What is Linear Programming Problem or LPP?
Linear Programming problem is a technique that helps to find the optimal solution for a given problem modeled as a set of linear relationships. It is a type of optimization problem that determines the feasible region (a region that contains all the possible solutions of an LPP) and optimizes the solution to get the maximum or minimum function value.
In simple terms, a linear programming problem is a set of linear equations that are used to find the value of variables to optimize the objective functions.
Basic Terminologies
- Decision Variable: These are quantities to be determined.
- Decision variables are interrelated and have linear relationships.
- Objective Function: The function (value) that need to optimized.
- The objective function must be clear and well-defined.
- Constraints: Represents on decision variables how to use the available resource (amount of time, number of people, etc.)
- Feasible Solution: Set all the possible solutions that satisfy the given constants.
- Optimal Solution: It is the best possible solution among all the possible feasible solutions.
Characteristics of LPP
- Decision variables will decide the output.

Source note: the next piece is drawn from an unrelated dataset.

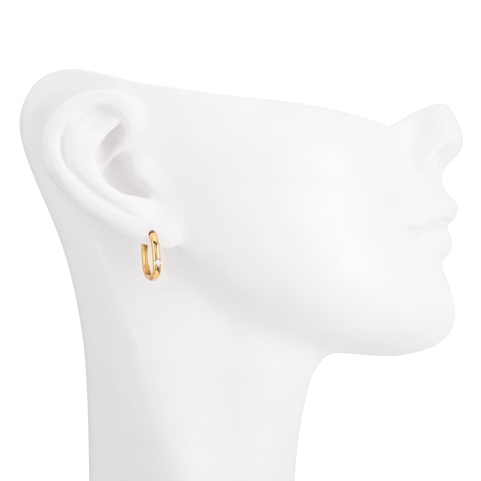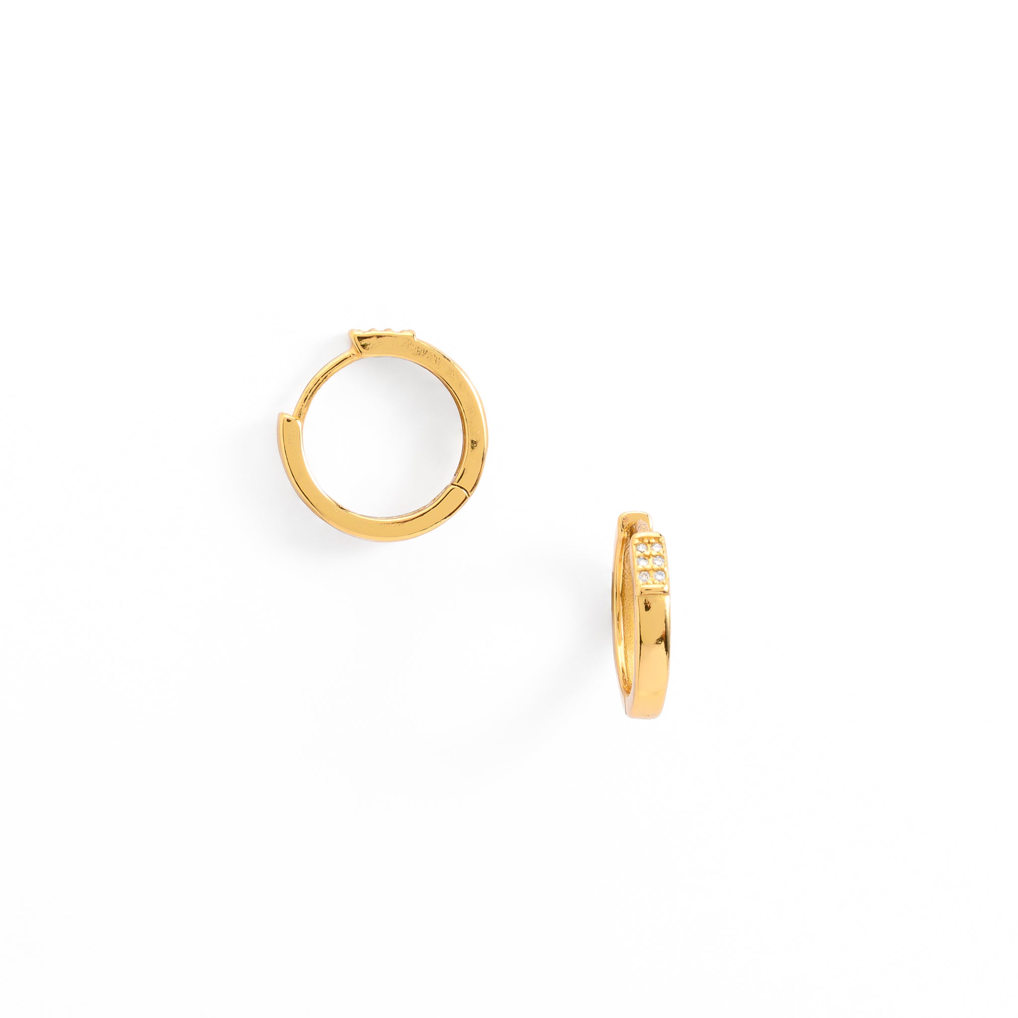 HUGGIE LISO CON DOS LÍNEAS CIRCONIAS. Baño de Oro. Joyería...

- The objective function should be specified quantitatively.
- Constraints (limitations) should be expressed in mathematical form.
- Relationships between two or more variables should be linear.

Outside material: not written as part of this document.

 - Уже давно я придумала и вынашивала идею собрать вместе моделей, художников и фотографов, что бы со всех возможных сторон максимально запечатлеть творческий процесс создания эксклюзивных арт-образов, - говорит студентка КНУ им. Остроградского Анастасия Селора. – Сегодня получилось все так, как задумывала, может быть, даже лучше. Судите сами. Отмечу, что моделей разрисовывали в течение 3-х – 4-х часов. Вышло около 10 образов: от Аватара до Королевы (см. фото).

- i.e., the degree of the variable is 1.
- The values of the variables should always be non-negative or zero.
- There should always be finite and infinite inputs and output numbers.
- The solution is not feasible if the function has an infinite factor.
For a Linear Programming problem, Decision Variable, Objective Function, and Constraint function should always be linear functions.
Types of Linear Programming Problems
Following are the types of Linear Programming Problems:
- Manufacturing Problem
- Problem evaluates the number of units of various items produced or sold when we have:
- It involves maximizing the production rate or net profits
- Constraints: The number of workforces, machine hours, warehouse space, labor hours, etc., are given.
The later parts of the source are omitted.